:: INPUT

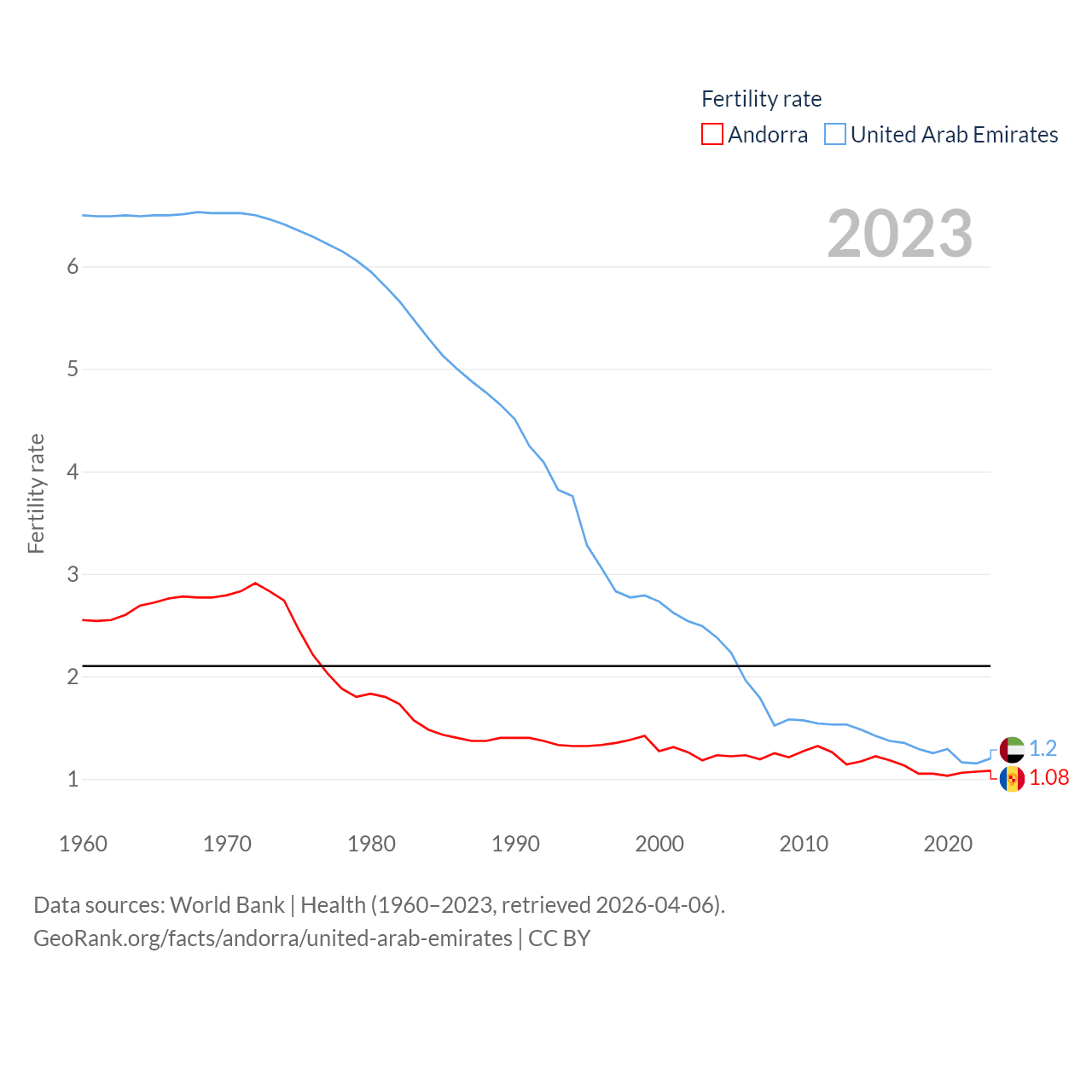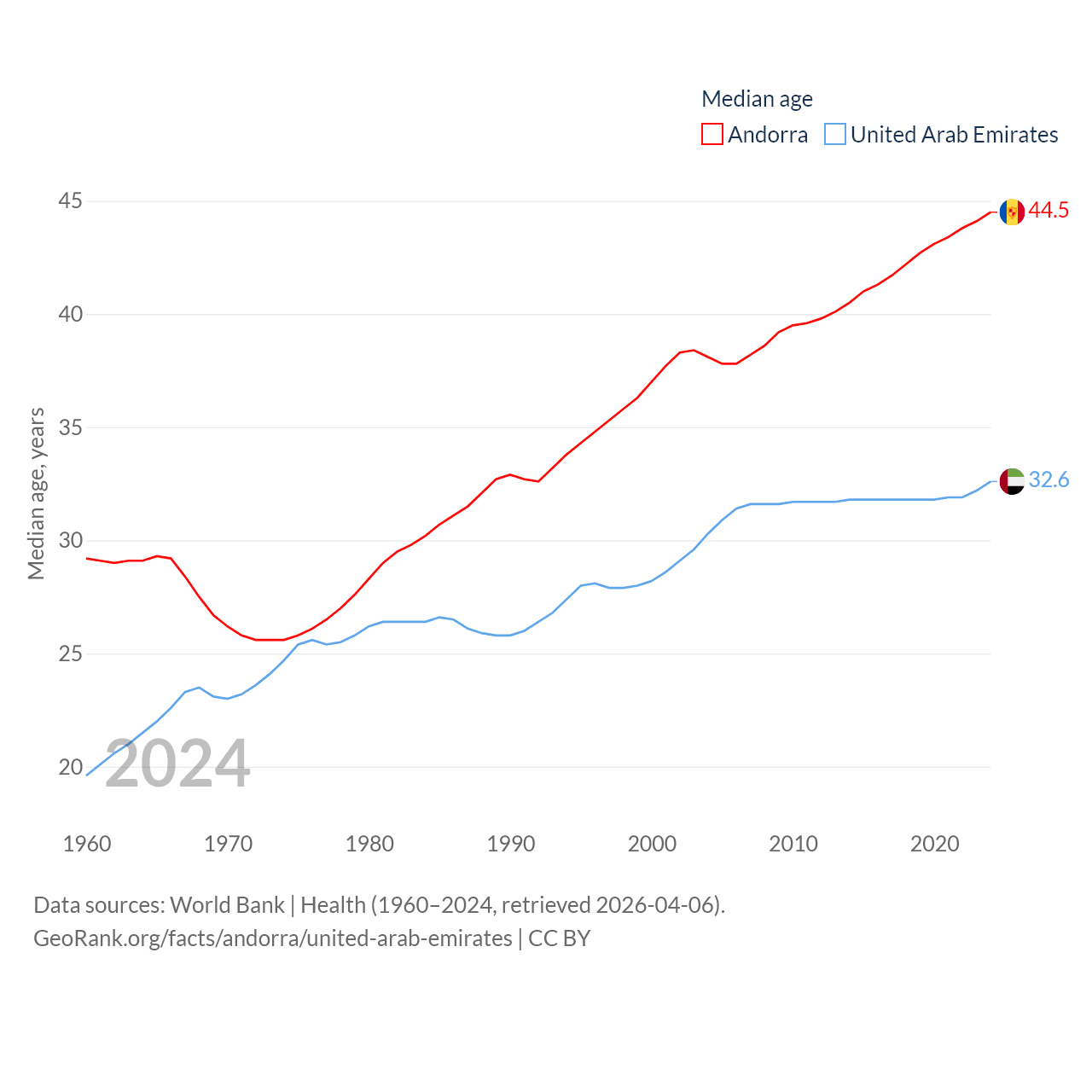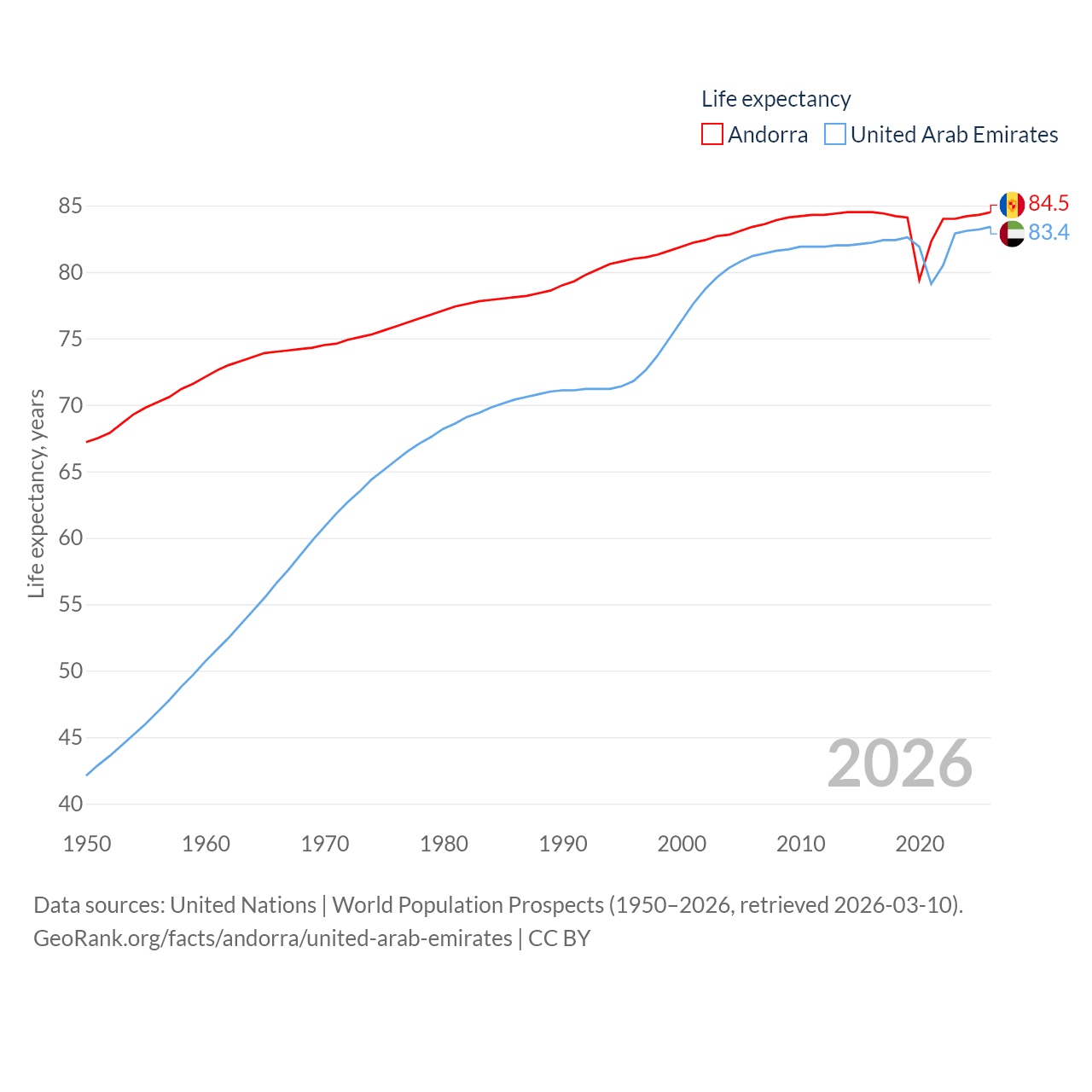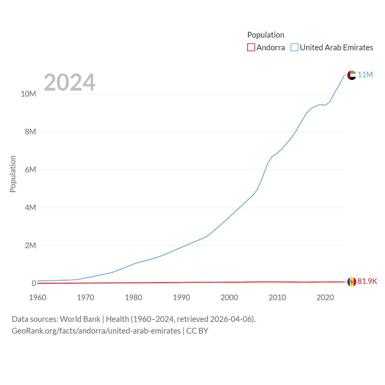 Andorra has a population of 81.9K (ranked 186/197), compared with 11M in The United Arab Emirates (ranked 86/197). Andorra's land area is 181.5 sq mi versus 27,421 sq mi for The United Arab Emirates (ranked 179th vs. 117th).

::::
:: INPUT

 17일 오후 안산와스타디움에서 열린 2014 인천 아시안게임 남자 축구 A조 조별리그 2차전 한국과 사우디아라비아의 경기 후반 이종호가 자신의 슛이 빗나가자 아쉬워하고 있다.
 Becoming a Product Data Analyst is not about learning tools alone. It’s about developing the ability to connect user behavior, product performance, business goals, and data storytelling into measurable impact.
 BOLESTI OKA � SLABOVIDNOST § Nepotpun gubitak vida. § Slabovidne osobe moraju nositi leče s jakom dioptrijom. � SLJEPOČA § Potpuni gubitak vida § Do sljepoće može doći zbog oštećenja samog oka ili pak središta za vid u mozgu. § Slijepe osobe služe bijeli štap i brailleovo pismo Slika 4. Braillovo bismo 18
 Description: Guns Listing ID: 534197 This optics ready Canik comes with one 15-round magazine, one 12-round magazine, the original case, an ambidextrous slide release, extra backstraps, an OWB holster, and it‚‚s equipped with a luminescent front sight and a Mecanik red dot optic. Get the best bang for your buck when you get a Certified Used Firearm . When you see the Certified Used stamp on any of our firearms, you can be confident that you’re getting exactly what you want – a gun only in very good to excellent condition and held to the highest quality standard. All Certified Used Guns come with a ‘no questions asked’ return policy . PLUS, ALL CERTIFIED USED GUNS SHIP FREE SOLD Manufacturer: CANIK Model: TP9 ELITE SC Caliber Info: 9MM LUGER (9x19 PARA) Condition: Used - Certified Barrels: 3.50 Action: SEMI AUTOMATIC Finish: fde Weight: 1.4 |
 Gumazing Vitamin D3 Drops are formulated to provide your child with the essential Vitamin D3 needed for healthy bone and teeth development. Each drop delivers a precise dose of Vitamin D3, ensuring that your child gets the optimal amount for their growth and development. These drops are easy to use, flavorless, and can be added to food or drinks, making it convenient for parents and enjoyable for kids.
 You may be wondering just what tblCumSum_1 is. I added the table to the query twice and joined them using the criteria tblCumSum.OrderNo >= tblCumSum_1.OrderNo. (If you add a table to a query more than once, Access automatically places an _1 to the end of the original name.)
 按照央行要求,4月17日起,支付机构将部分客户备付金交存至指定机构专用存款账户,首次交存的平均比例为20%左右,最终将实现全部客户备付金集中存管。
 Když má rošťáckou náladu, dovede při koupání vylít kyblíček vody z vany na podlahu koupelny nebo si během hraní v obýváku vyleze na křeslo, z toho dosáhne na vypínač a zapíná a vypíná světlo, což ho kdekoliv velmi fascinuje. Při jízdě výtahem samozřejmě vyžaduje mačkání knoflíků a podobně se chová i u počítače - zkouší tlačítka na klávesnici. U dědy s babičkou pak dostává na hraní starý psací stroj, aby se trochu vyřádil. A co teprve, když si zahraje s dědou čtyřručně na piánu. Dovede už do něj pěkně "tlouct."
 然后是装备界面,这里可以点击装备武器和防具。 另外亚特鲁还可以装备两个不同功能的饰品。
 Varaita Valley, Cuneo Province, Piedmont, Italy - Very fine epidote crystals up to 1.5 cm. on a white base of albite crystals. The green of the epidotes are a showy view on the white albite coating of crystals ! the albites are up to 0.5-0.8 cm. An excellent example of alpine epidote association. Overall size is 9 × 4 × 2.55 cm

::::
:: INPUT

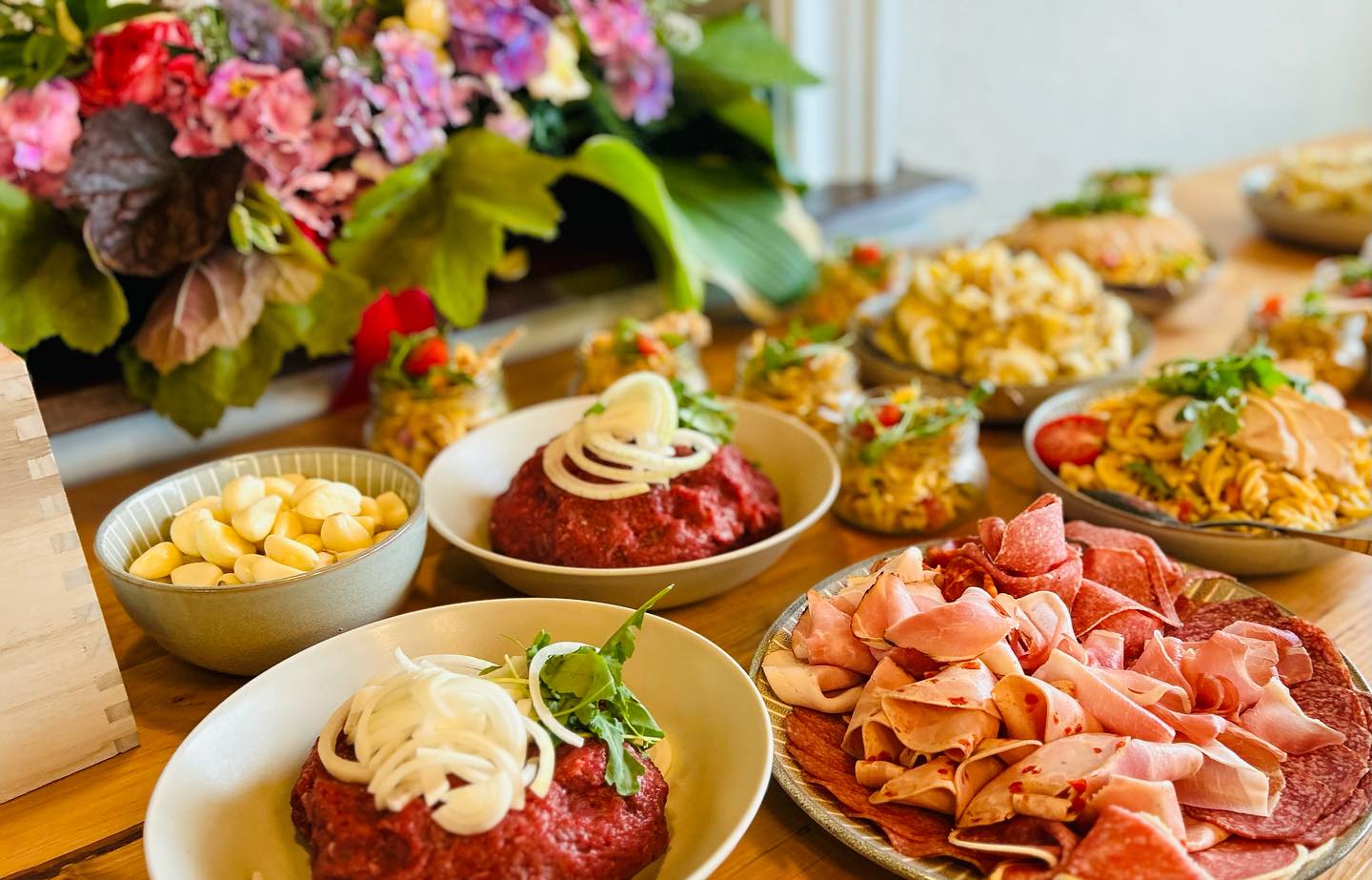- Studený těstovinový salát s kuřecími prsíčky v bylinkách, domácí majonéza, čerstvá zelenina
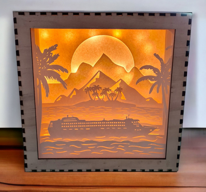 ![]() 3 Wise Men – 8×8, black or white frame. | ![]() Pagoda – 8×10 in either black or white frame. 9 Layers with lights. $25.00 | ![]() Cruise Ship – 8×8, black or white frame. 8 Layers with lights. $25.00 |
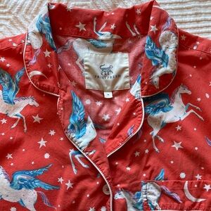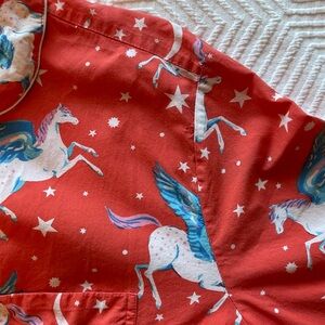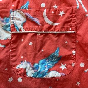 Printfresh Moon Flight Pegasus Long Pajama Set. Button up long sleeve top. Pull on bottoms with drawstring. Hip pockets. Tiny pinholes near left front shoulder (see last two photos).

::::

Repeat exactly the lines above from the one with "You may be wondering" up to and including the one with "然后是装备界面,这里可以点击". No other line belongs in the reply.

= YOUR SOLUTION =
 You may be wondering just what tblCumSum_1 is. I added the table to the query twice and joined them using the criteria tblCumSum.OrderNo >= tblCumSum_1.OrderNo. (If you add a table to a query more than once, Access automatically places an _1 to the end of the original name.)
 按照央行要求,4月17日起,支付机构将部分客户备付金交存至指定机构专用存款账户,首次交存的平均比例为20%左右,最终将实现全部客户备付金集中存管。
 Když má rošťáckou náladu, dovede při koupání vylít kyblíček vody z vany na podlahu koupelny nebo si během hraní v obýváku vyleze na křeslo, z toho dosáhne na vypínač a zapíná a vypíná světlo, což ho kdekoliv velmi fascinuje. Při jízdě výtahem samozřejmě vyžaduje mačkání knoflíků a podobně se chová i u počítače - zkouší tlačítka na klávesnici. U dědy s babičkou pak dostává na hraní starý psací stroj, aby se trochu vyřádil. A co teprve, když si zahraje s dědou čtyřručně na piánu. Dovede už do něj pěkně "tlouct."
 然后是装备界面,这里可以点击装备武器和防具。 另外亚特鲁还可以装备两个不同功能的饰品。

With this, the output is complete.